Publicado por bachiller en Octubre 25, 2007

UNAM: LA UNIVERSIDAD QUE QUEREMOS FORJAR

La Universidad no puede ser ajena al mal tiempo económico y político que predomina en el país y en buena parte del mundo. El neoliberalismo en tanto que estrategia de desmantelamiento de las instituciones del Estado de Bienestar, tiene una vasta y sofisticada agenda de cambio estructural para los sectores de educación, salud y seguridad social en todo el orbe. Por ello, es muy importante hablar con claridad de la universidad que tenemos y sobre todo, de la universidad que queremos y necesita nuestro país, plagado de inequidades sociales y regionales, de pobreza, exclusión, falta de desarrollo, dependencia científica y tecnológica, depredación de recursos naturales, deterioro ambiental, graves violaciones de derechos humanos, fuga de cerebros y una democracia cada día más limitada.

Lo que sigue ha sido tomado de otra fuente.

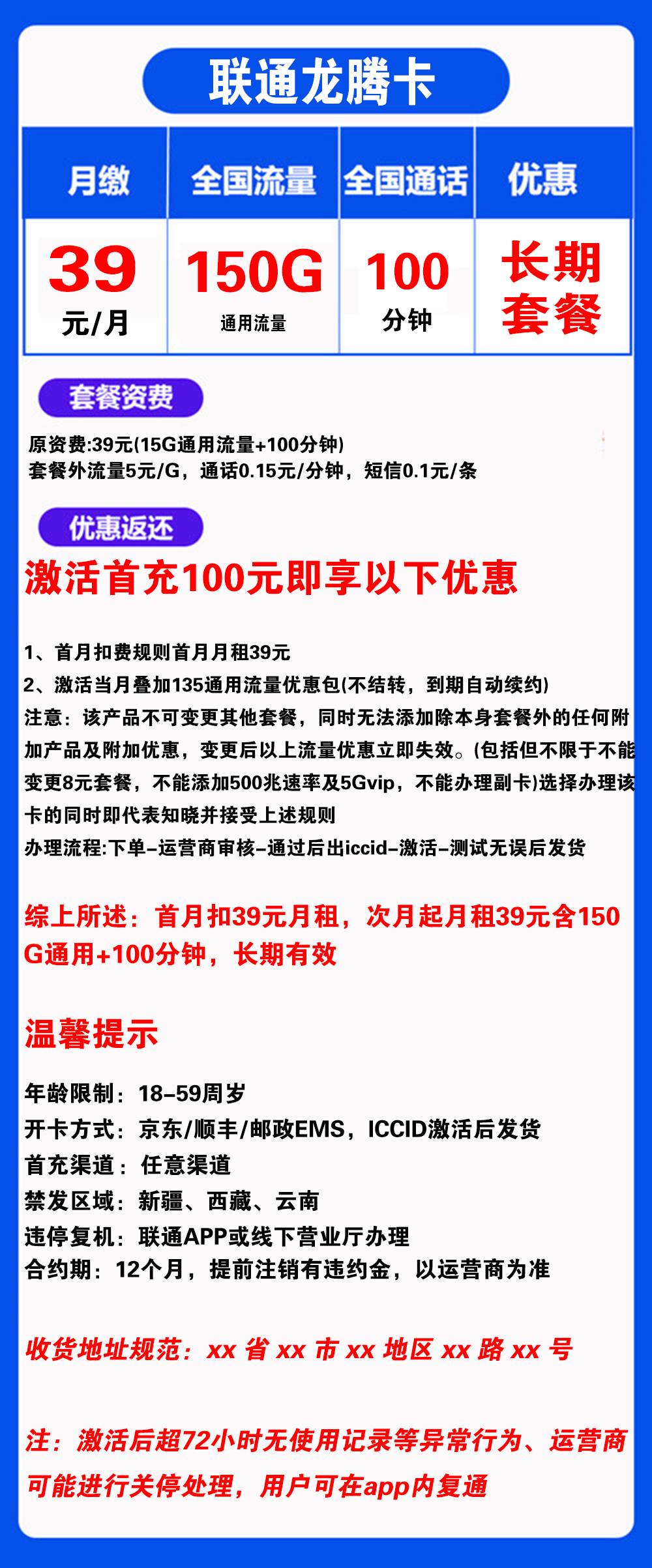 - 次月起月租39元,含150G通用流量 + 100分钟通话,长期有效

En México, desde hace 25 años, de diferentes maneras, toda la educación pública se ha colocado bajo la mira neoliberal, comenzando por restringir la obligatoriedad gubernamental a solamente proporcionar educación de nivel básico. Especialmente, respecto a la educación media-superior y superior, las políticas neoliberales han impactado mediante las restricciones presupuestales y los aumentos de cuotas, la promoción de esquemas productivistas entre el personal académico y administrativo para exacerbar el individualismo y la competencia por recursos escasos, la degradación de la organización sindical, la presión para que la investigación más avanzada se ligue a las empresas, la creación de las universidades tecnológicas que tienen planes de estudios sin materias relacionadas con las Humanidades y la apertura a la inversión privada directa sobre todo en el nivel medio-superior. Los rechazados del sistema educativo, se han convertido en una realidad dolorosa desde la pre-primaria hasta los posgrados.

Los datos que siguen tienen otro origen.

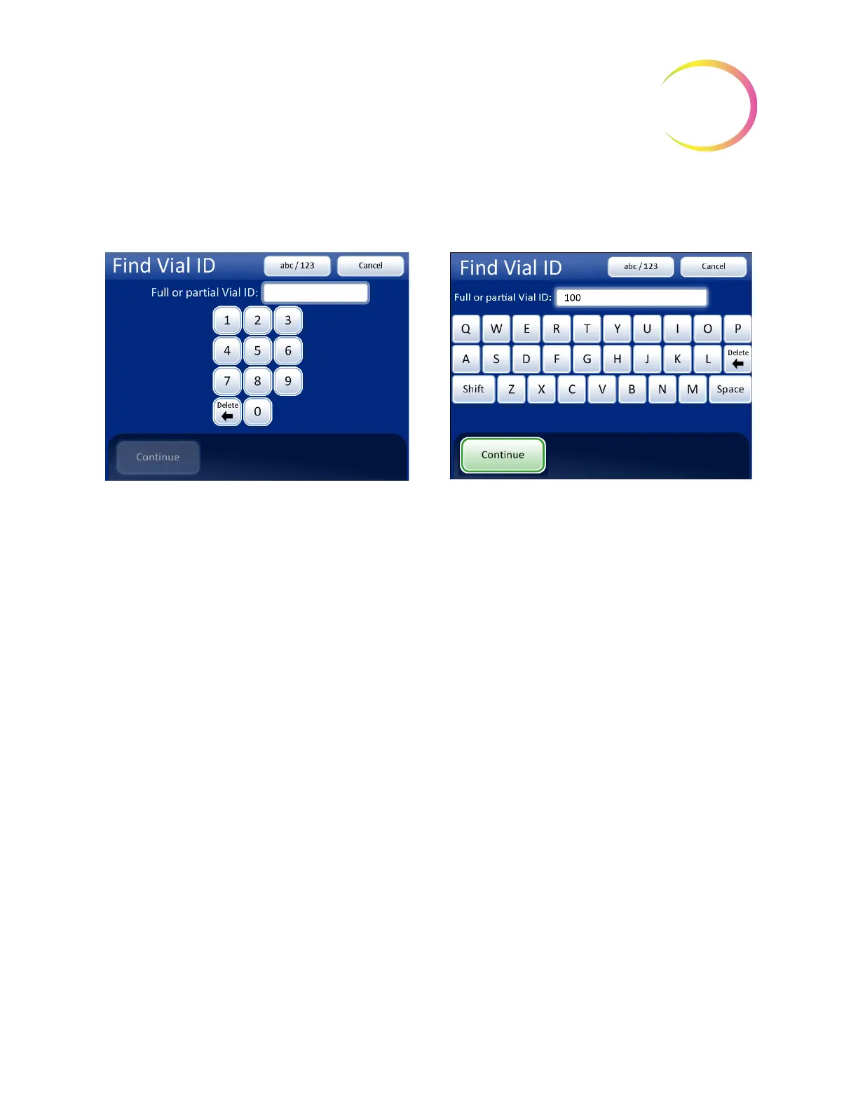 Figure 6-88 Enter Full or Partial Vial ID

En ese ambiente, la ambigüedad, la carencia de principios, el pragmatismo sin perspectivas más amplias de largo plazo, han conducido a ensalzar y promover el individualismo por encima de la actuación y el mérito colectivo. Pero los errores de vanguardismo y sectarismo en las luchas recientes por un lado y por el otro, la amenaza de una derecha potenciada con su abrupto acceso a las altas esferas gubernamentales, lejos de conducir a una mejor organización y actuación colectiva de las izquierdas universitarias, han llevado al abandono de la crítica y la autocrítica constructivas y a la desmovilización. Ni siquiera hemos conseguido hacer realidad la tendencia a procesos democratizadores y transparentes en la elección de autoridades que se ha logrado en otras universidades y esferas de la actividad pública.

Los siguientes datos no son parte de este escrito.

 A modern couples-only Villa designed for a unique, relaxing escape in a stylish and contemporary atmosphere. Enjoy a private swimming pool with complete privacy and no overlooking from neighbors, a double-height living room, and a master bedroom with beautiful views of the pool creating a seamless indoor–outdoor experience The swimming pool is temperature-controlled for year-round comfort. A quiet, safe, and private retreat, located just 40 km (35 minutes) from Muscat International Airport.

Llegamos al cambio de rector en la UNAM, entre declaraciones formales de defensa del carácter público, nacional, laico de la educación, de condena formal a los intentos de elevar las cuotas pero con una penetración profunda de los esquemas neoliberales en la mentalidad de los universitarios y en el quehacer básico de la universidad.
Es por ello que consideramos necesario identificar y enumerar coincidencias e iniciar la reconstrucción de agendas colectivas para su transformación, conformadas con objetivos claros que puedan ser compartidos por estudiantes, trabajadores académicos y administrativos y que se reflejen en estrategias específicas de acción por lo menos en cinco campos fundamentales:
1. Debe buscarse el desarrollo equilibrado de todas las áreas y ámbitos de la universidad
Actualmente dentro de la UNAM coexisten varias universidades. Una es la de la élite dirigente, con todos los recursos técnicos y económicos, con mecanismos verticales de control sobre el resto. Otro es el ámbito de las preparatorias, el de los CCH, el de las Facultades y Escuelas de Estudios Superiores fuera de ciudad universitaria, en donde persisten añejos problemas de precarización laboral, de autoritarismo, de ausentismo, de falta de personal docente profesionalizado, de instalaciones insuficientes, con una relación del número de alumnos por profesor y de alumnos por aula que lleva a situaciones antipedagógicas y al deterioro de la docencia.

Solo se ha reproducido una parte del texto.